[EXERCISE REQUIREMENTS]
Can you print the data exactly and leave out each image?

[PROVIDED MATERIAL]
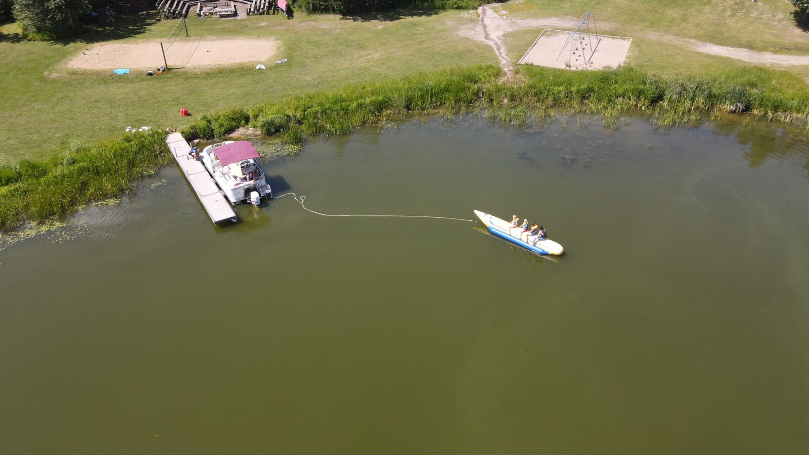 This summer camp activity is a fun way for campers to get out on the lake and experience a thrill! Half of the cabin sits on the pontoon boat while the other half shares the banana tube, then they switch.
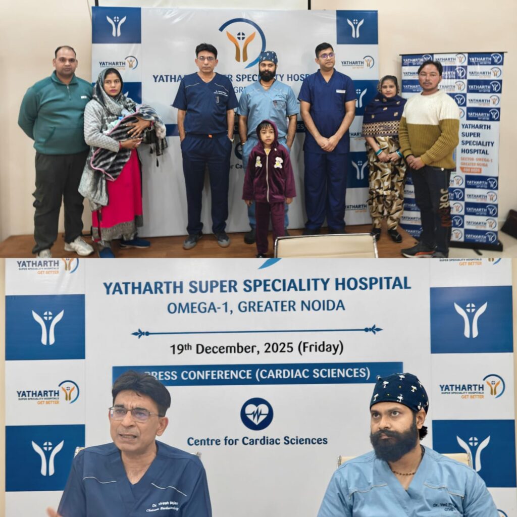 एनसीआर लाइव:ग्रेटर नोएडा, दिसंबर 19, 2025: यथार्थ सुपर स्पेशियलिटी हॉस्पिटल, ग्रेटर नोएडा में शुक्रवार को आयोजित प्रेस कॉन्फ्रेंस में दो जटिल बाल हृदय रोग मामलों की क्लीनिकल जानकारी साझा की गई। इस दौरान डॉक्टरों, देखभाल टीम और मीडिया प्रतिनिधियों ने जाना कि किस तरह समय पर किए गए जीवन बचाने वाले हृदय ऑपरेशनों ने एक 20 दिन के नवजात और एक 7 वर्ष के बच्चे की जिंदगी की दिशा बदल दी। इनसे पता चलता है कि तकनीकी रूप से बेहतरीन माहौल में भी चिकित्सा व्यवस्था के मानवीय गुण बने रहते हैं। ये सामान्य सर्जरी नहीं थीं। ये बेहद जोखिम भरे, सटीक समय पर किए गए प्रयास थे, जहां हर घंटे की अहमियत अमूल्य थी और यह बात वहां मौजूद हर व्यक्ति महसूस कर सकता था।
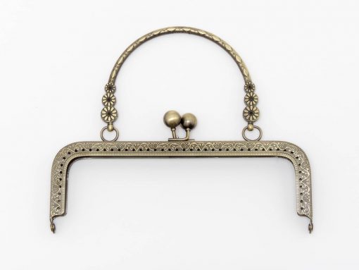 Behel tas/dompet ini terbuat dari bahan logam, ada dua pilihan dengan lebar 18 cm dan 20,5 cm. Ukuran selengkapnya lihat pada gambar. Behel bermotif ukiran cantik yang akan membuat tampilan dompet makin menawan. Tersedia dalam warna vintage brass/kuningan bakar seperti pada gambar. Memiliki handel/pegangan berbentuk setengah lingkaran berukir yang nyaman digenggam. Behel berkualitas bagus, kuat dengan kancing yang tidak longgar.
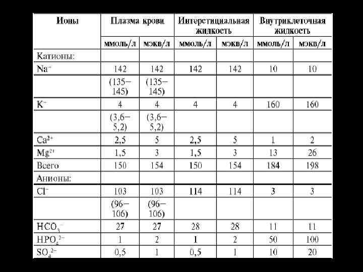 Жесткие константы крови: 1. 2. 3. 4. 5. ионный состав крови, осмотическое давление крови, количество белков в плазме, онкотическое давление, р. Н крови.

[TASK RESPONSE]
 This summer camp activity is a fun way for campers to get out on the lake and experience a thrill! Half of the cabin sits on the pontoon boat while the other half shares the banana tube, then they switch.
 एनसीआर लाइव:ग्रेटर नोएडा, दिसंबर 19, 2025: यथार्थ सुपर स्पेशियलिटी हॉस्पिटल, ग्रेटर नोएडा में शुक्रवार को आयोजित प्रेस कॉन्फ्रेंस में दो जटिल बाल हृदय रोग मामलों की क्लीनिकल जानकारी साझा की गई। इस दौरान डॉक्टरों, देखभाल टीम और मीडिया प्रतिनिधियों ने जाना कि किस तरह समय पर किए गए जीवन बचाने वाले हृदय ऑपरेशनों ने एक 20 दिन के नवजात और एक 7 वर्ष के बच्चे की जिंदगी की दिशा बदल दी। इनसे पता चलता है कि तकनीकी रूप से बेहतरीन माहौल में भी चिकित्सा व्यवस्था के मानवीय गुण बने रहते हैं। ये सामान्य सर्जरी नहीं थीं। ये बेहद जोखिम भरे, सटीक समय पर किए गए प्रयास थे, जहां हर घंटे की अहमियत अमूल्य थी और यह बात वहां मौजूद हर व्यक्ति महसूस कर सकता था।
 Behel tas/dompet ini terbuat dari bahan logam, ada dua pilihan dengan lebar 18 cm dan 20,5 cm. Ukuran selengkapnya lihat pada gambar. Behel bermotif ukiran cantik yang akan membuat tampilan dompet makin menawan. Tersedia dalam warna vintage brass/kuningan bakar seperti pada gambar. Memiliki handel/pegangan berbentuk setengah lingkaran berukir yang nyaman digenggam. Behel berkualitas bagus, kuat dengan kancing yang tidak longgar.
 Жесткие константы крови: 1. 2. 3. 4. 5. ионный состав крови, осмотическое давление крови, количество белков в плазме, онкотическое давление, р. Н крови.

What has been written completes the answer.